CHAPTER VII

In the summer Paul Verney came home from boarding-school. He was much taller and broader than he had been before, much improved in mind, but the same kind, brave, gentle Paul. He was overjoyed to see Toni again, and the two lads, on meeting, hugged each other, or rather Toni hugged Paul; for although Paul was tender-hearted, he was undemonstrative and felt the dignity of his fourteen years and his two terms at boarding-school. Not so with Toni, who had no sense of personal dignity whatever.

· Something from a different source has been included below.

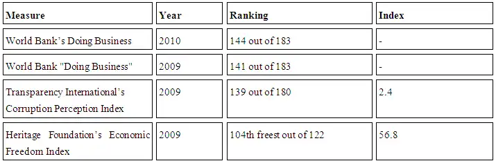 The report on Global Competitiveness for 2010-2011[9] showed that the evident corruption in the country followed by inefficient government bureaucracy posed to be the most problematic factors hindering business growth or further investments in the country. This was further supported by Asian Development Bank. According to ADB’s report,
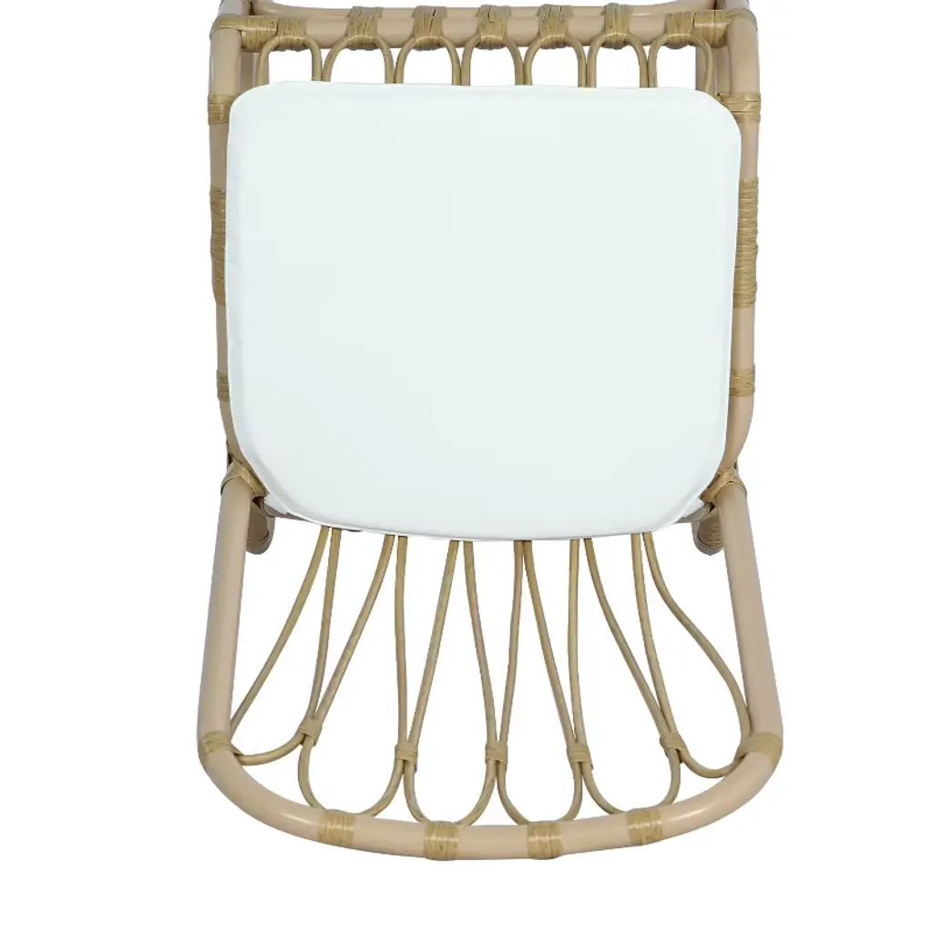 This outdoor chair features a durable iron frame and elegant hand-woven rattan, designed to withstand the elements. With a weight capacity of 400lbs, it provides sturdy, comfortable seating for all. The unique petal-shaped backrest adds a stylish touch, while adjustable foot pads allow for height customization on uneven surfaces. The 1.2-inch thick cushions offer extra comfort and are covered in washable polyester fabric with a zipper for easy cleaning. Available in two colors, this chair comes fully assembled and requires minimal maintenance. Simply wipe with a cloth to keep it looking fresh, making it perfect for any outdoor space

At once their old relations were established and the two lads spent many hours together, as they had done in summers past, cuddled together on the abutment of the bridge, and telling each other long stories, Paul of his experiences at boarding-school, and Toni, stories of what Jacques had told him, and what Hermann had told him, and what the horses told him, and what he meant to be when he was a man. He confided to Paul the charm of learning to play the violin, and shocked Paul’s honest soul by the frank acknowledgment that learning the violin was a means to avoid going to work.

But this made no difference in Paul’s feelings. He hated dirty, idle boys in general, but loved the dirty, idle Toni, and, being by nature correct, methodical, and orderly, he adored the two most unconventional creatures ever put into this world, little Lucie Bernard and Toni.

In due time Lucie also came for her annual visit, accompanied by the wooden-faced Harper, the nursery governess. Lucie sometimes passed Paul in the street, and always bowed and smiled at him in the most captivating way, which caused Paul’s face to turn scarlet, and sent his boyish pulses galloping. He confided to his mother’s ear that Lucie had arrived, and for the fortnight that she stayed he haunted the park every afternoon. He was now promoted to long trousers, and felt his dignity very much. He longed for an opportunity to talk with Lucie, but as the case often is, all the arrangements for private interviews had to be made by the lady. Lucie was an ingenious little person, and not easily daunted, and it was not many days before she managed to escape from Harper’s eagle eye, and from Madame Ravenel’s gentle supervision, and to come upon Paul, walking soberly along the path, and secretly wishing for her.

“How do you do, Monsieur Verney?” said Lucie, dropping him a pretty little curtsey. “How tall you are!”

Paul bowed, and managed to say:

“You, too, have grown, Mademoiselle.”